Mistake #4 : Bad RFQs
RFQs for wood fiber procurement are a different animal than other RFQs. It pays dividends to draft them correctly. Fiber suppliers tend to be smaller and more fragmented. They are often used to dealing on a handshake or a simple PO rather than a robust contract. They may be used to fluctuating prices which they negotiate on a monthly basis with the local market managers. And they often communicate, collaborate and sometimes even collude with one another to set prices.
We have seen RFQs with terms that are so atypical that no supplier even responded. We have seen RFQs that are withdrawn and then the next time they are issued, suppliers increase the cost because they suspect unreliability. In short, bad RFQs result in underperforming projects, feedstock quality issues, costly repairs and shutdowns, shortages/outages, and higher than necessary feedstock cost.

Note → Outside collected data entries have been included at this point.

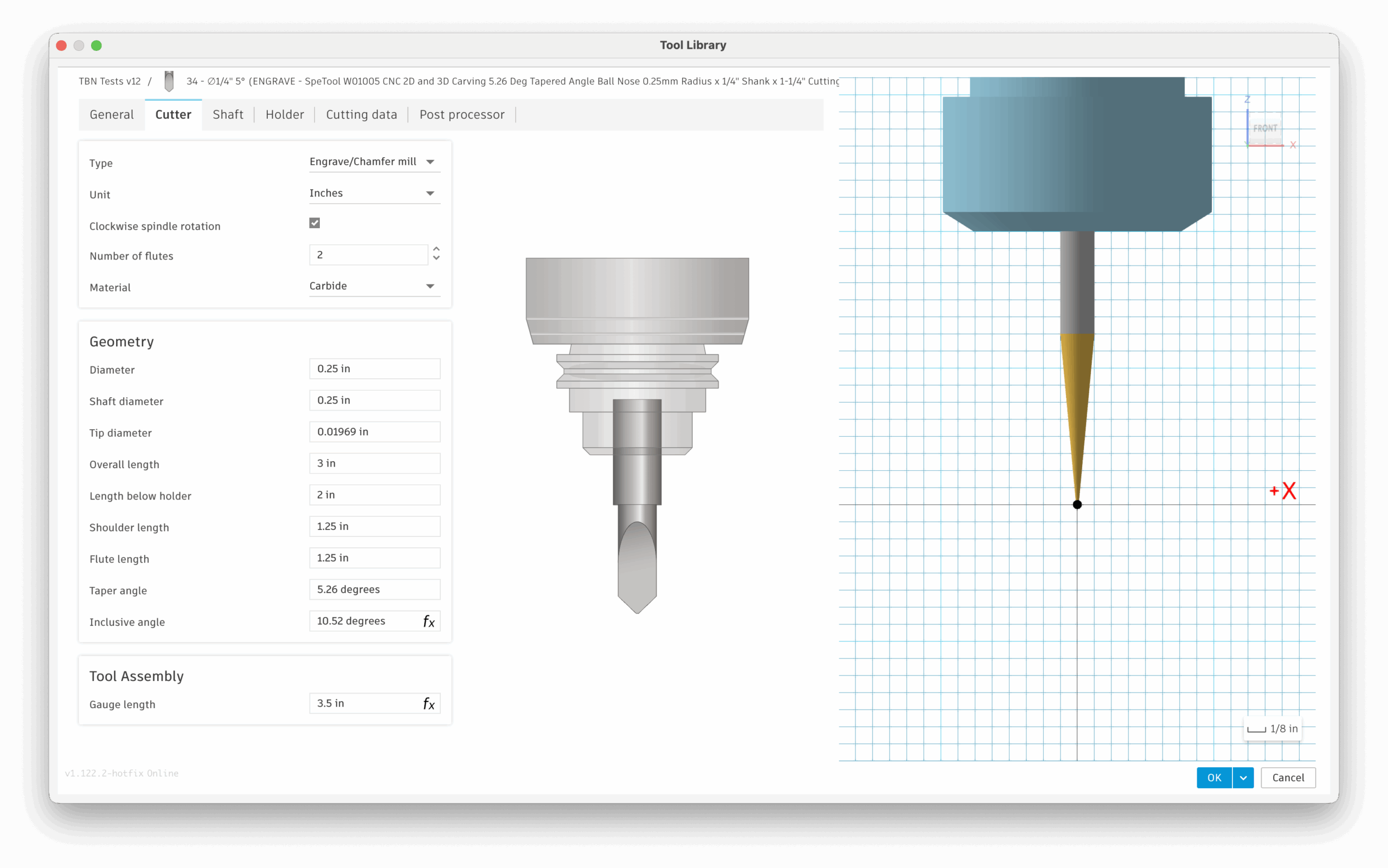 Tapered Ball Nose Mills (TBN bits): These will work fine with 3D toolpaths, but they will not work with the 2D “Engrave” Toolpath for flat inlays. You can copy your TBN tool and set the type to be an “Engrave/Chamfer mill” and set the tip diameter to be the ball diameter. Then it will work as for Engrave / 2D Toolpaths, but note that it will act like it has a flat bottom instead of a ball.
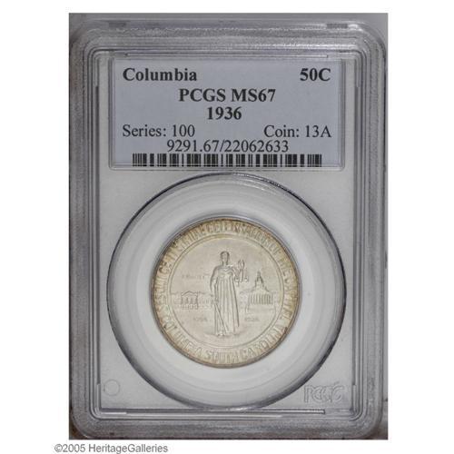 1936 50C Columbia MS67 PCGS. Virtually mark free with 1936[50C] Columbia MS67 PCGS.
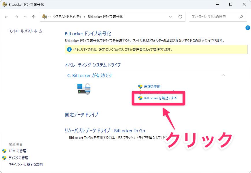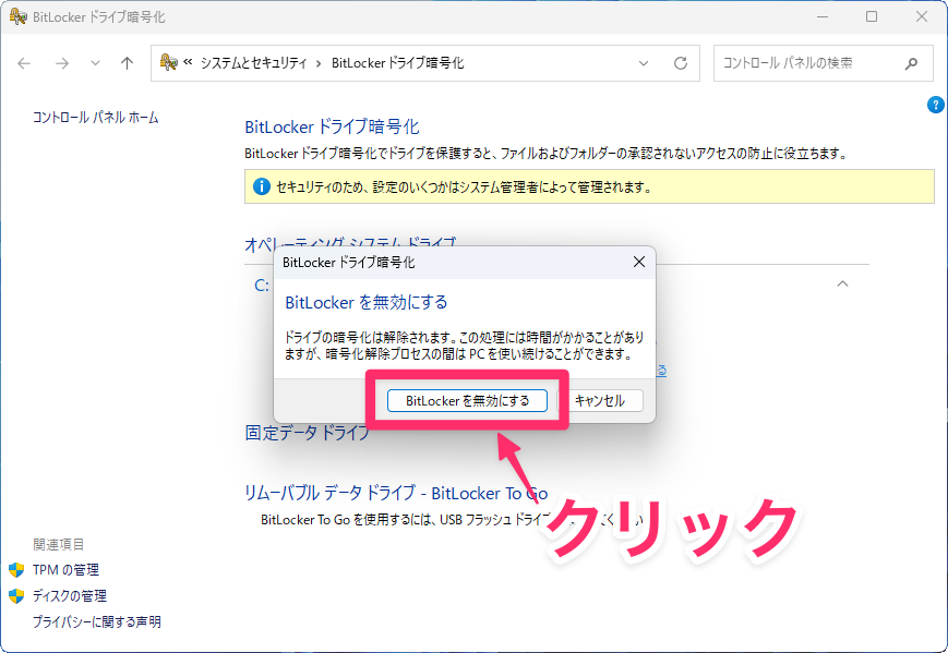BitLockerが有効の場合、「BitLockerが有効です」と表示されています。無効化するには、「BitLockerを無効にする」をクリックします。
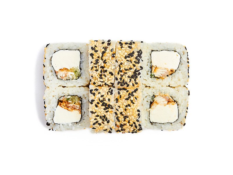 Ролл со сливочным сыром, огурцом и угрём унаги, украшеный кунжутом.
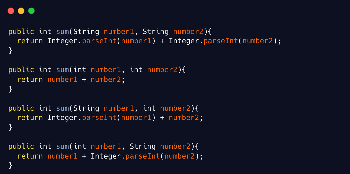 - 같은 클래스에 위치한 메소드의 이름이 같다.
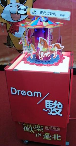 「這五匹馬分別有不同的意義,由『白、棕、黑、紅、紫』等不同色系的馬組成,象徵馬年之際,民眾追求夢想的同時,能以堅持不放棄的精神,並以紅色赤兔馬的形象,展現氣勢,拔得好運。」北市府民政局長黃呂錦茹說,2014年台北燈節主題燈籠,名為「Dream-駿」,以中文「駿」字為諧音,希望木馬轉動時,充滿歡樂與夢想的概念,不僅能祝福民眾,也帶出馬年奮發的意涵。

Here are some basic RFQ rules to avoid costly mistakes:
1. RFQ terms should, as closely as possible, mirror the terms of the competing established buyers for fuel in the local market.
2. Engage suppliers early in the process. It is vital to understand local wood supply dynamicsbefore you issue an RFQ. Learn about their business. Obtain samples. Go visit their operations. Involving suppliers early in the process builds relationships which are critical to successful ongoing operations. It also allows a deeper understanding of the types and specifications of biomass that are currently being produced and the contract terms suppliers are comfortable with.
3. Structure operations to be supplier friendly. Flexible delivery hours, ease of access, quick discharge times, resizing equipment on-site to handle oversize pieces, favorable payment terms and timely payments – these are all mechanisms to ensure your project is “supplier preferred” and will function to reduce overall feedstock cost.
4. Have a contract that avoids onerous rejections or penalties clauses. Issues will come up over the course of the contract term: quality will vary, deliveries may be late, wet or cold weather can cause shortages. How these issues are handled in the RFQ can have major impacts on your overall feedstock costs. Rejecting loads or seeking damages for non-performance can be a mechanism to mitigate short-term losses, but over the long-term, the consequences can be costly. A reputation as a difficult market will limit your supply base and drive prices up.
Mistake #5 : Not Having a Disruption Plan When Things Go Bad
Feedstock is the largest variable cost for bioenergy plants. Controlling feedstock price risk therefore is vital to project viability and contributes directly to the bottom line. When it comes to woody biomass, supply disruptions are the highest source of additional cost to bioenergy plants.
Disruptions can be the result of poor weather, equipment breakdown, competitive demand for scarce fiber by large local buyers, or just “bad luck”. Whatever the cause, understanding the likelihood of a supply disruption occurring and setting up a plan to deal with it can result in tens or hundreds of thousands of dollars of savings a year.
An Ecostrat SCD (Supply Chain Disruption) Plan is designed to mitigate the risks associated with biomass feedstock procurement. Development of, and ongoing adherence to, a SCD Plan can contribute directly and significantly to the bottom line by helping minimize many of the typical impacts that drive biomass procurement costs.
An Ecostrat SCD plan identifies risk events (such as supplier breach, or weather
events), quantifies impact on the supply chain, and identifies strategies to mitigate those impacts. Prepared bioenergy feedstock buyers have a protocol in place (sufficient on-site / off-site inventory, redundant suppliers, variable quantity contracts at buyer’s discretion) so that they can act quickly to minimize a disruption’s impact on feedstock costs.